Employment Friday delivered one of the strongest jobs reports in recent memory. Non-farm payrolls came in at 172,000, blowing past the 88,000 expectation. Upward revisions added another 93,000. Wages grew at ~0.3%.
The market sold off anyway.
@CathieDWood thinks investors have the story backwards. Productivity is running near 3%. Unit labor costs are near half a percent. She says that is not an inflationary setup but a boom with contained costs.
The yield curve is flattening despite a ~55% surge in oil prices over three months. The bond market is not buying the inflation narrative. Neither are we. If the Iran war resolves and oil pulls back, inflation could go negative this year.

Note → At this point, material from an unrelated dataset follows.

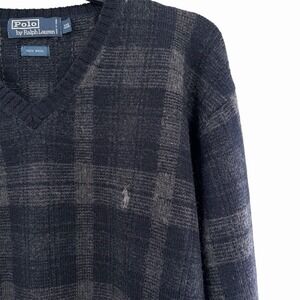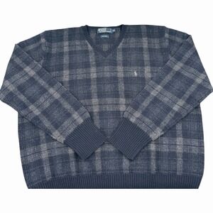 VTG Polo Ralph Lauren Sweater Men 2XL Blue Tartan Plaid V Neck Sweater Knit Pony
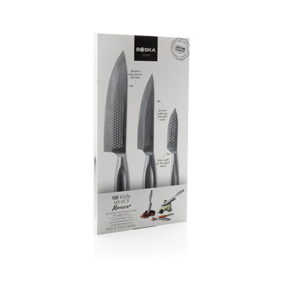 The Monaco+ kitchen knives set, from the brand BOSKA – a B Corporation certified company – is the ultimate set for every food lover. With the same features as the knives for professionals; high-quality stainless steel, extra sharp, and the slender handle for full control of the knife. Cooking Knife - for cutting everything! Sous Chef Knife – because what is a Chef without a Sous Chef. Paring Knife - for cutting vegetables and fruit. This set is handwash only, and backed by a lifetime guarantee.

Capital spending has broken out of a 30-year range. The AI infrastructure buildout is creating a ripple effect across manufacturing. SpaceXAI built Colossus for roughly $30 billion and Anthropic is paying $15 billion a year to use it. We believe the returns on this infrastructure are unlike anything in prior technology cycles.
On the dollar, gold, and the inflation trade: prediction markets are pricing in a US Dollar Index reversal toward 101.9, gold peaked the day Kevin Warsh was appointed, and Cathie Wood believes the inflation trade may already be over.
From where we sit, the economy is healthier than the headlines suggest, inflation is lower than people fear, and the AI infrastructure cycle is just getting started.